We previously showed that the calcium-binding protein S100A4 is overexpressed during the progression of prostate cancer (CaP) in humans and in the TRAMP (transgenic adenocarcinoma of the mouse prostate) mouse model. We tested a hypothesis that the S100A4 gene plays a role in the invasiveness of human CaP and may be associated with its metastatic spread. We observed that siRNA-mediated suppression of the S100A4 gene significantly reduced the proliferative and invasive capability of the highly invasive CaP cells PC-3. We evaluated the mechanism through which the S100A4 gene controls invasiveness of cells by using a macroarray containing 96 well characterized metastatic genes. We found that matrix metalloproteinase 9 (MMP-9) and its tissue inhibitor (TIMP-1) were highly responsive to S100A4 gene suppression.
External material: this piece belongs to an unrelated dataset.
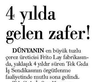 DÜNYANIN en büyük tuzlu çerez üreticisi Frito Lay fabrikasında, yaklaşık 4 yıldır süren Tekgıda İş Sendikasının örgütlenme faaliyetinde mutlu sona gelindi.

Furthermore, S100A4 suppression significantly reduced the expression and proteolytic activity of MMP-9. By employing an MMP-9-promoter reporter, we observed a significant reduction in the transcriptional activation of the MMP-9 gene in S100A4-siRNA-transfected cells. Cells overexpressing the S100A4 gene (when transfected with pcDNA3.1-S100A4 plasmid) also significantly expressed MMP-9 and TIMP-1 genes with increased proteolytic activity of MMP-9 concomitant to increased transcriptional activation of the MMP-9 gene. S100A4-siRNA-transfected cells exhibited a reduced rate of tumor growth under in vivo conditions. Our data demonstrate that the S100A4 gene controls the invasive potential of human CaP cells through regulation of MMP-9 and that this association may contribute to metastasis of CaP cells. We suggest that S100A4 could be used as a biomarker for CaP progression and a novel therapeutic or chemopreventive target for human CaP treatment.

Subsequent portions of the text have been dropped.